Hello,
I've been given some data to perform differential expression on, and it the process of QCing the resultant count data, I'm seeing that the library sizes have pretty big discrepancies between the 2 samples shown below. I know a good run of an illumina generates between 10-40 million reads, but is it normal for such runs to produce starkly different total reads like this? i.e.: is this an acceptable library size?
I have conducted PCA on this particular grouping and found that P70F20 is a significant outlier and removed it, so I'm also curious how much of that variability is potentially attributable to the library size? I believe DESeq uses TPM normalization, and that should control for this difference?

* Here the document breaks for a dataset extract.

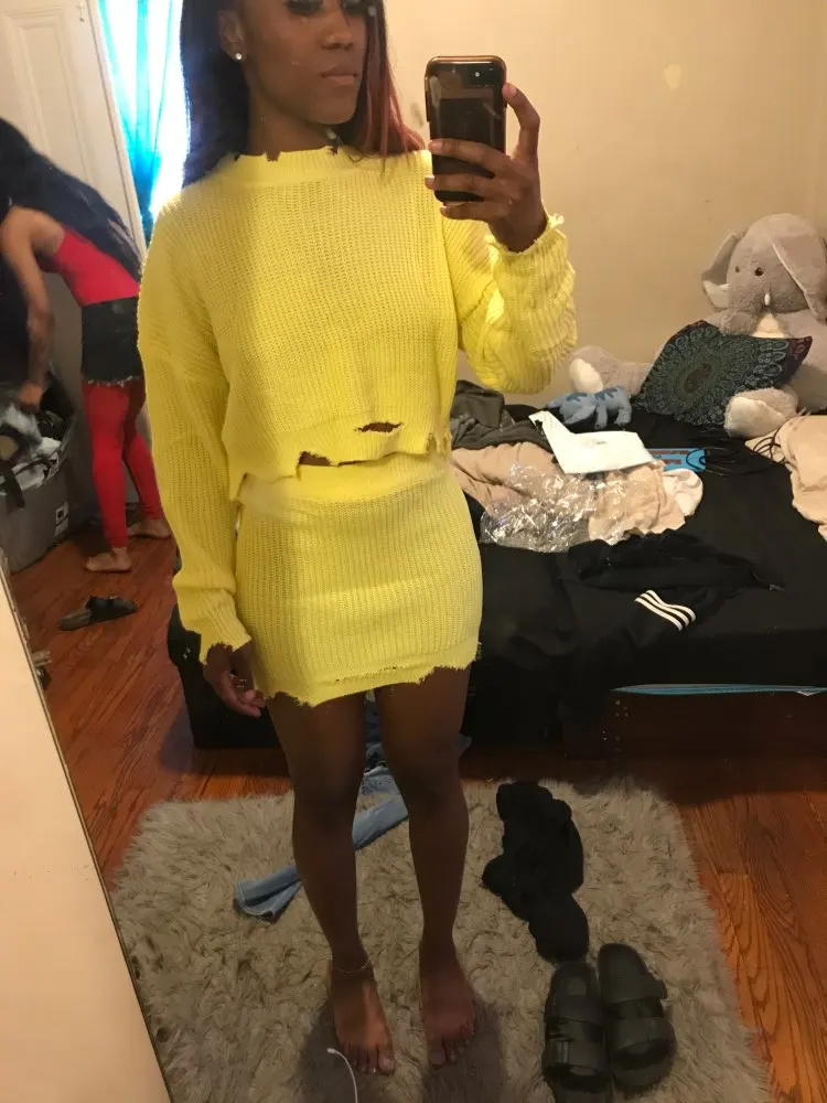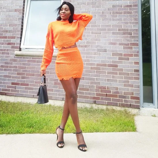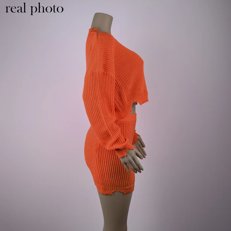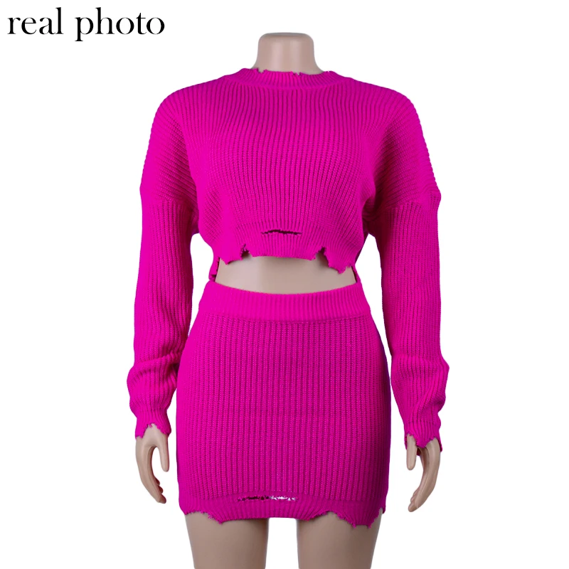 FREE SHIPPING Knitted Autumn Two Piece Outfits Solid Cropped Sweater And Skirt Set JKP3480

Any help is appreciated, I have never seen this magnitude of difference in a single grouping before. Fastqc was perfect as well, adapters were trimmed with cutadapt, alignment and counting was done using the Rsubread package in R.
Thanks!
Hello,
Thank you so much for the reply! There ended up being a huge unwanted batch effect from a particular sample prep. Removing that bad batche vastly improved the PCA clustering and downstream DEGs. I used limma::removeBatchEffect to coupled to a PCA to locate these bad samples. I did not share the whole library size barplot, just for a select group, but all the samples in this "bad" batch had counts > 4e7 so something was wrong there. Looking though our server I did find an updated run of F24 and the counts were brought up to ~2e7 so problem solved! the Voom function was very helpful in this thanks!